Complaint are sufficient for Plaintiff to proceed on the claims in Counts 1 and 2 against Chaplain Vaughn. However, there are no allegations suggesting Warden Brookhart is personally responsible for allegedly violating Plaintiff’s constitutional rights, and she cannot be held liable based solely on her position as an administrator because the doctrine of respondeat superior does not apply to § 1983 actions. Chavez v. Illinois State Police, 251 F.3d 612, 651 (2001). Accordingly, the claims in Counts 1 and 2 against Warden Brookhart will be dismissed. Counts 3 and 4 Inmates are afforded broad religious protections under RLUIPA, which prohibits prisons receiving federal funds from imposing a substantial burden on an inmate's religious exercise unless prison officials can demonstrate that imposition of the burden on that person (1) is in furtherance

of a compelling governmental interest; and (2) is the least restrictive means of furthering that compelling governmental interest. 42 U.S.C.A. § 2000cc-1; Schlemm v. Wall, 784 F.3d 362, 363 (7th Cir. 2015).
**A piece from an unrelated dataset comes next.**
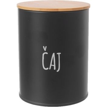 Bílý nápis ČAJ okamžitě prozradí, jaký obsah plechovka ukrývá – ať už jste příznivcem sypaného čaje, bylinkových směsí nebo čajových pytlíků, tato dóza bude skvělým místem k jejich uchování. Součástí je i víčko z bambusového dřeva, jehož silikonové těsnění zaručuje, že se obsah nevysype, kde nemá.
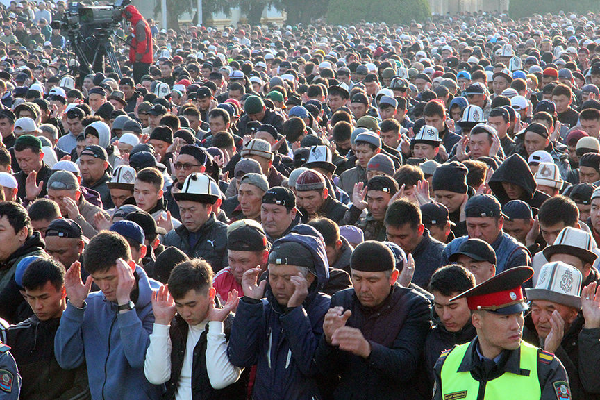 Kırgızistan'ın başkenti Bişkek'in Pervomay İlçe Kaymakamlığı ve İl Emniyet Müdürlüğü, bayram namazının Cumhurbaşkanlığı ve hükümet binasının önündeki meydanda kılınması için gerekli tedbirleri aldı.Şafak vaktinde, eski meydana çıkan Mihail Frunze, Kasım Tınıstanov, Çui ve İvan Panfilov caddeleri trafiğe kapatıldı.Vatandaşlar, bayram namazını kılmak için yerel saatle 05.00'te toplanmaya başladı.

The relief available under RLUIPA is injunctive; it does not authorize monetary damages. Sossamon v. Texas, 563 U.S. 277, 287 (2011); Grayson v. Schuler, 666 F.3d 450, 451 (7th Cir. 2012). Nor does RLUIPA permit a cause of action against state employees; it permits relief only against “governmental bodies that receive funds and accept the conditions attached by the statute.” Vinning-El v. Evans, 657 F.3d 591, 592 (7th Cir. 2011). Consequently, Deanna Brookhart, in her official capacity as the Warden of Lawrence Correctional Center, is the proper defendant for any injunctive relief Plaintiff may be seeking. See Gonzalez v. Feinerman, 663 F.3d 311, 315 (7th Cir. 2011) (proper defendant in a claim for injunctive relief is the government official responsible for ensuring any injunctive relief is carried out). Further, for these reasons, the claims in Counts 3 and 4 against Vaughn will be dismissed with prejudice. DISPOSITION Following preliminary review of the Complaint under 28 U.S.C. § 1915A, the First Amendment claims in Counts 1 and 2 will proceed against David Vaughn and the RLUIPA claims

in Counts 3 and 4 will proceed against Deanna Brookhart, in her official capacity as the Warden of Lawrence Correctional Center. The claims against Brookhart in Counts 1 and 2 are DISMISSED without prejudice and the claims against Vaughn in Counts 3 and 4 are DISMISSED with prejudice.